Current pandas version: 0.22
I have a SparseDataFrame.
A = pd.SparseDataFrame(
[['a',0,0,'b'],
[0,0,0,'c'],
[0,0,0,0],
[0,0,0,'a']])
A
0 1 2 3
0 a 0 0 b
1 0 0 0 c
2 0 0 0 0
3 0 0 0 a
Right now, the fill values are 0
. However, I'd like to change the fill_values to np.nan
. My first instinct was to call replace
:
A.replace(0, np.nan)
But this gives
TypeError: cannot convert int to an sparseblock
Which doesn't really help me understand what I'm doing wrong.
I know I can do
A.to_dense().replace(0, np.nan).to_sparse()
But is there a better way? Or is my fundamental understanding of Sparse dataframes flawed?
tl;dr : That's definitely a bug.
But please keep reading, there is more than that...
All the following works fine with pandas 0.20.3, but not with any newer version:
A.replace(0,np.nan)
A.replace({0:np.nan})
A.replace([0],[np.nan])
etc... (you get the idea).
(from now on, all the code is done with pandas 0.20.3).
However, those (along with most the workarounds I tried) works because we accidentally did something wrong. You'll guess it right away if we do this:
A.density
1.0
This SparseDataFrame is actually dense!
We can fix this by passing default_fill_value=0
:
A = pd.SparseDataFrame(
[['a',0,0,'b'],
[0,0,0,'c'],
[0,0,0,0],
[0,0,0,'a']],default_fill_value=0)
Now A.density
will output 0.25
as expected.
This happened because the initializer couldn't infer the dtypes of the columns. Quoting from pandas docs:
Sparse data should have the same dtype as its dense representation. Currently, float64, int64 and bool dtypes are supported. Depending on the original dtype, fill_value default changes:
- float64: np.nan
- int64: 0
- bool: False
But the dtypes of our SparseDataFrame are:
A.dtypes
0 object
1 object
2 object
3 object
dtype: object
And that's why SparseDataFrame couldn't decide which fill value to use, and thus used the default np.nan
.
OK, so now we have a SparseDataFrame. Let's try to replace some entries in it:
And strangely:
A.replace('a','z')
0 1 2 3
0 z 0 0 b
1 0 0 0 c
2 0 0 0 0
3 0 0 0 z
And that's as you can see, is not correct!
A.replace(0,np.nan)
0 1 2 3
0 a 0 0 b
1 0 0 0 c
2 0 0 0 0
3 0 0 0 a
From my own experiments with different versions of pandas, it seems that SparseDataFrame.replace()
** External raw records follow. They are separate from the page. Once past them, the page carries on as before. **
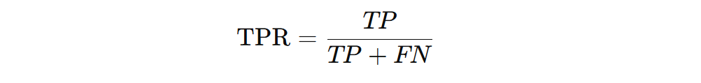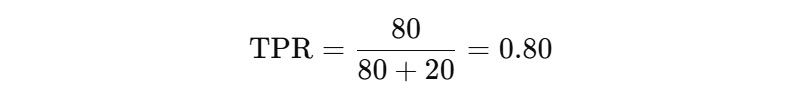 For example suppose if there are 100 actual positive cases (e.g., images of cats), and your model correctly identifies 80 of them as positive then TPR is:
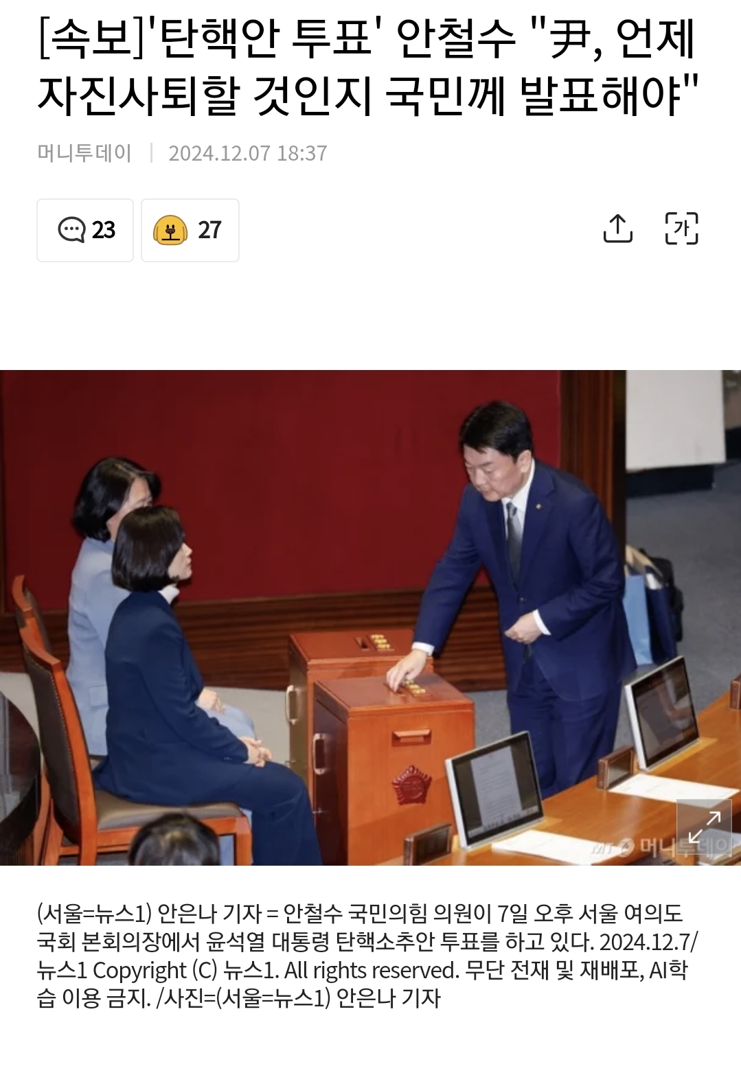 | 여당 윤석열 대통령 탄핵 표결 불참(탄핵 부결) (1) | 2024.12.07 |
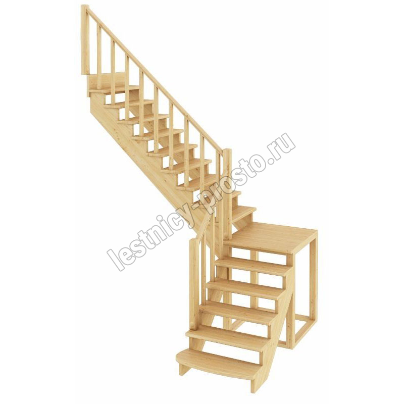 Базовый комплект включает в себя деревянные элементы лестницы и ограждения без какого-либо покрытия
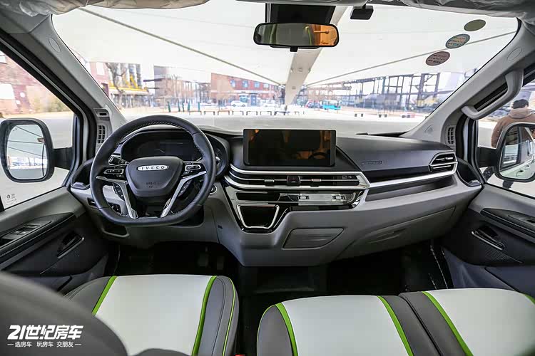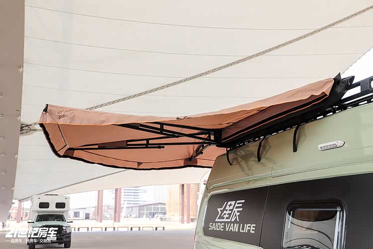 外观方面,选择豆沙绿底色搭配白色车漆,更偏向年轻群体。选装车顶行李架和侧爬梯,拓展外置储物空间,符合 Vanlife 车型调性。车身尺寸比城市 MPV 稍大,不足 2.5 米的车高仍然能兼顾城市通勤。
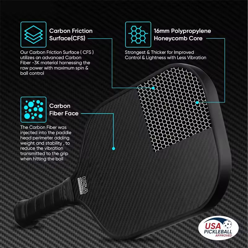 USAPA Approved 16mm Raw T700 Carbon Surface Foam-Core Gen2 / Gen3 Pickleball Paddle Custom Logo Lightweight Power & Spin
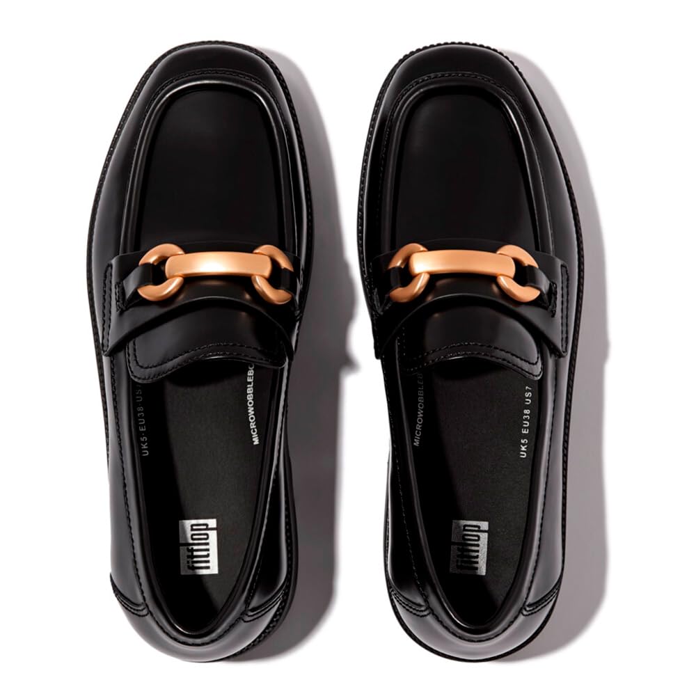 Лоферы ЛОФЕРЫ Черные см [Fit Flop] F-LUMA CHUNKY-SNAFFLE BOX-LEATHER D/WEDGE Женские 23.0
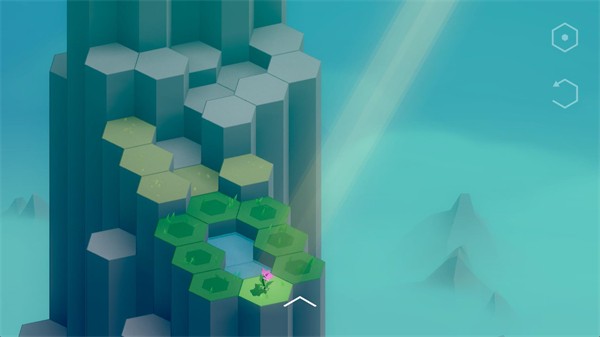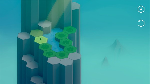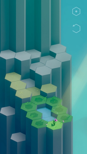 只有带有蓝色图案的石块可被移动,通过调整它们的位置,引导泉水流向干涸的草坪。当水流同时连接草坪与花朵根部时,花朵便会绽放。通关后,向上滑动屏幕即可开启下一段山间旅程,见证更多生命的复苏。
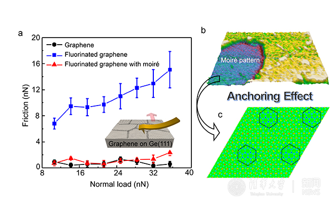 近年来人们发现二维材料由于其特殊的平面原子结构而具有十分奇特而优良的摩擦性能,有望作为一种超薄的润滑材料在微纳领域得到重要应用。然而,由于二维薄膜材料超乎寻常的比表面积,易于受工作环境,特别是表面化学作用影响而降低甚至丧失润滑性能。因此,如何在复杂的滑动工况下从原子尺度上有效地保持单分子层二维材料的稳定性给研究人员提出了一个全新的挑战。华体会娱乐平台摩擦学国家重点实验室以及华体会娱乐平台航天航空学院联合中国科学院上海微系统所信息功能材料国家重点实验室的科研人员观察到锗(111)晶面上生长的多晶石墨烯,由于上下晶体堆叠的方式不同,会同时产生具有周期性莫尔条纹的区域和非莫尔条纹的区域。经过氟化、氧化等化学处理后,非莫尔条纹区域的润滑性能极大削弱。然而,具有周期性莫尔条纹区域的石墨烯却仍然保持良好的润滑特性。通过第一性原理计算,科研人员发现,周期性莫尔条纹区域中石墨烯的碳原子与锗原子之间的相互作用力要远远强于普通的范德瓦尔斯力;这种强的锚定作用使得石墨烯能够抵御外界扰动对其平整分子结构形貌的改变,从而增强其润滑的鲁棒性。相关研究发现有望推广到其它的二维材料体系,推动单分子层润滑材料在微纳系统中的应用。
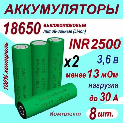 Аккумулятор 18650 Z литий-ионный (Li-ion) INR 2500 высокотоковый, 30A, 13 мОм, комплект 8 шт.
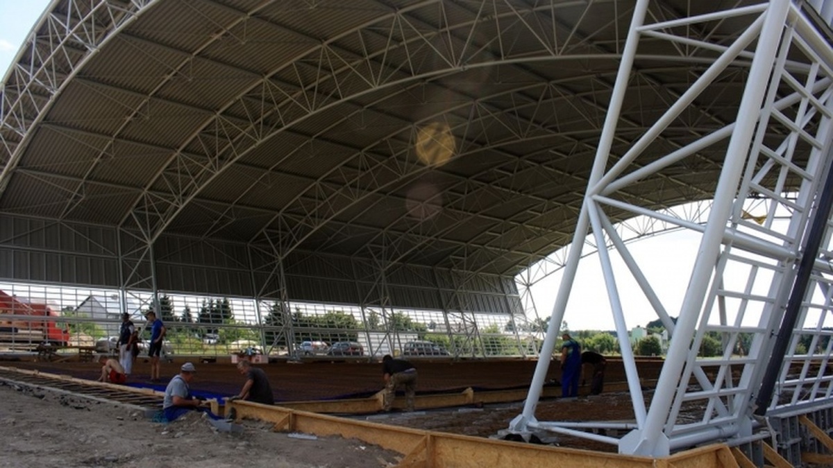 Budowa została wykonana na obszarze 1564 m kw., a najwyższy punkt dachu sięga 12,63 metrów. Obecnie trwają prace nad płytą boiska-lodowiska, instalacją sanitarną i elektryczną.
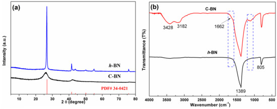 (a) XRD patterns and (b) FTIR spectra of h-BN and C-BN.
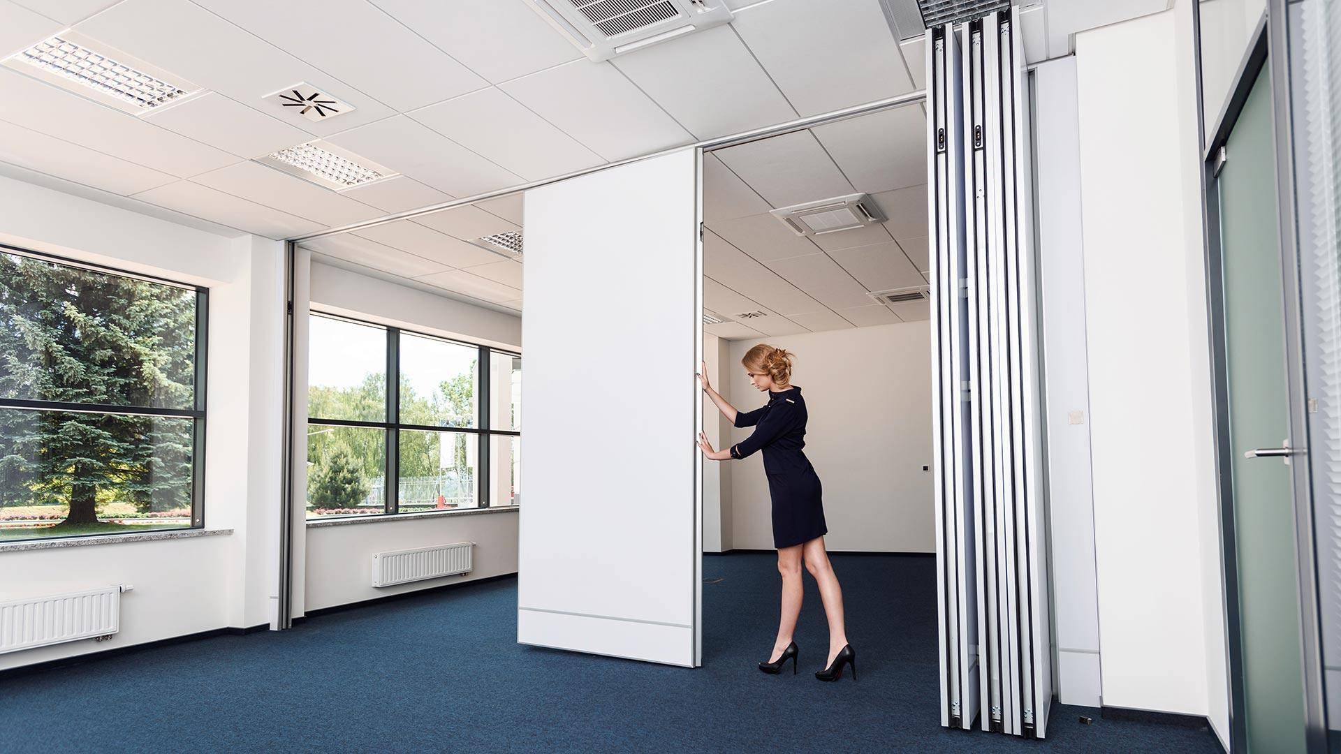 Zaparkowane ściany działowe nie mogą przeszkadzać w użytkowaniu pomieszczenia ani wpływać negatywnie na jego estetykę. Nasze produkty umożliwiają łączenie poszczególnych typów parkownic, co pozwala na zaprojektowanie wariantu odpowiedniego dla architektury wybranego pomieszczenia. Dostosowanie sposobów parkowania do możliwości przestrzennych wnętrza oraz preferencji klienta, umożliwia wygospodarowanie miejsca na złożoną ścianę, nawet w niewielkim pomieszczeniu. 1-punktowe zawieszenie paneli ściany mobilnej pozwala na zamontowanie jej zarówno w małych pomieszczeniach, nieposiadających miejsca na osobną parkownicę, jak i w budynkach o konstrukcji, która technicznie uniemożliwia wykonanie standardowego systemu parkowania.

works only with non-fill values.
To change the fill value, you have the following options:
DataFrame
, do the replacement, then convert back into SparseDataFrame
.SparseDataFrame
, like Wen's answer, or by passing default_fill_value
set to the new fill value.While I was experimenting with the last option, something even stranger happened:
B = pd.SparseDataFrame(A,default_fill_value=np.nan)
B.density
0.25
B.default_fill_value
nan
So far, so good. But... :
B
0 1 2 3
0 a 0 0 b
1 0 0 0 c
2 0 0 0 0
3 0 0 0 a
That really shocked me at first. Is that even possible!?
Continuing on, I tried to see what is happening in the columns:
B[0]
0 a
1 0
2 0
3 0
Name: 0, dtype: object
BlockIndex
Block locations: array([0], dtype=int32)
Block lengths: array([1], dtype=int32)
The dtype of the column is object
, but the dtype of the BlockIndex
associated with it is int32
, hence the strange behavior.
There is a lot more "strange" things going on, but I'll stop here.
From all the above, I can say that you should avoid using SparseDataFrame
till a complete re-write for it takes place :).